Parliament; Faster? More Efficient?
If Congress and Parliament were ever in a race to see who could get a last passed quicker, Parliament would most likely win. Faster is only better when speed is being measured. That would only be the case in government when there is an emergency or a crisis.
The presidential/congressional system of government has a "separation of powers." Power is divided between three branches of government, legislative, executive, and judicial. Each of the separate branches has equal power over the other which is displayed with the doctrine of checks and balances. Each branch checks the activity of the other branches to make sure that power remains evenly distributed. After a law is passed in both Houses, the President can still veto it. Therefore, sending the bill back to the House and so on and so on. It can take days, weeks, or months for a law to be formed.
Unlike the presidential/congressional system, the Prime Minister doesn't have the power to reject a bill. He has power to dissolve congress. Other than that, Parliament has supreme power over everything. The Parliament can even check on the executive branch, but the executive branch cannot check on Parliament.

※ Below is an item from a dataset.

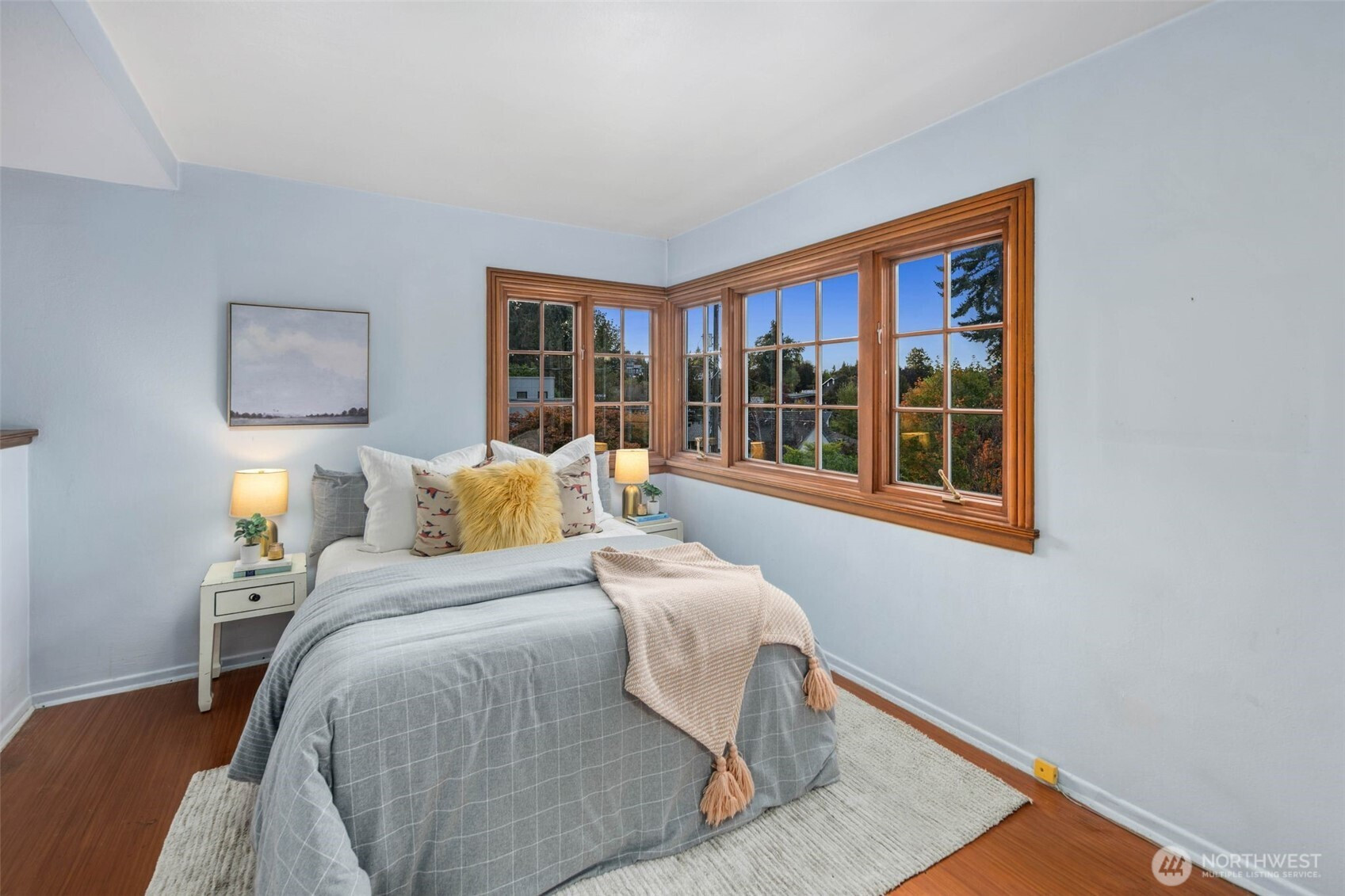 Truly a classic gem in serene Seward Park nestled in the essence of a neighborhood. Quiet, walkable & adorned with falling leaves. This 1930s charmer is available for the 1st time in nearly 50yrs. Refined w ideal qualities: original hardwood floors, built-in cabinets, picture frame windows & formal living spaces. Traditional layout w/ grand living room & fireplace, open kitchen-dining & French Doors accessed view deck, plus 3 upper bedrooms. Primary suite w/ its own relaxing sitting rm + wall of windows to a rooftop deck. Lower-level family rm + guest bed/home office. The corner lot brings amazing natural light & beautiful views of Lake WA, Lakewood Marina & Mt Baker in the distance. Make this one of kind retreat yours for the next 50yrs.
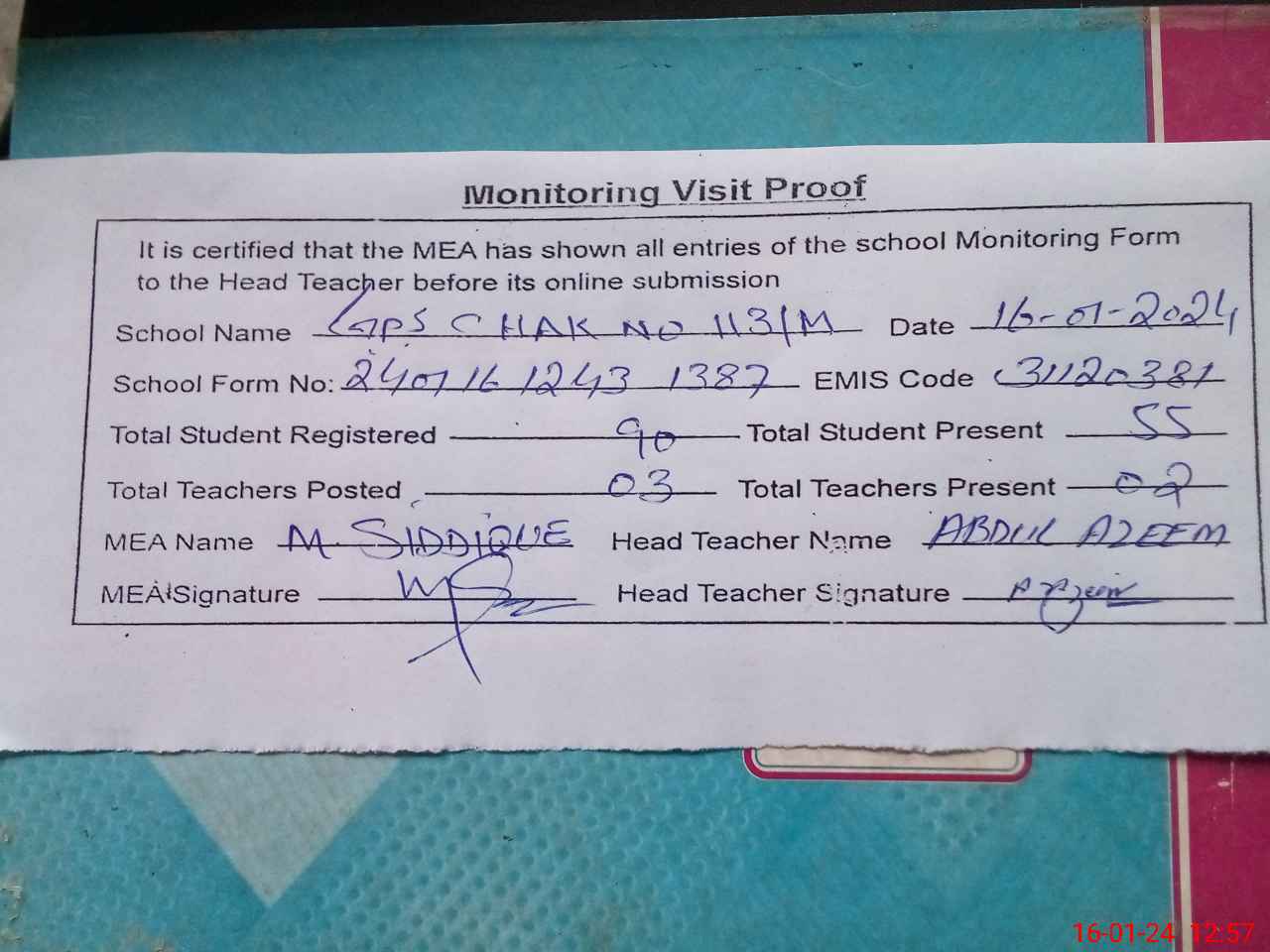 | EMIS Code: 31120381 | Name of School: GPS CHAK NO. 113 M | |||

As a whole they are disciplined enough to run themselves. "Majority rule" is how Parliament functions. Bills can be made into laws quickly.
Although Parliament has the advantage of speed in terms of making laws, speed doesn't always parallel to efficiency. The president may be able to decide whether the law would benefit the citizens better than the Congress can. Both systems have their ups and downs. Although, Parliament has the upper-hand in making laws faster and "efficiently."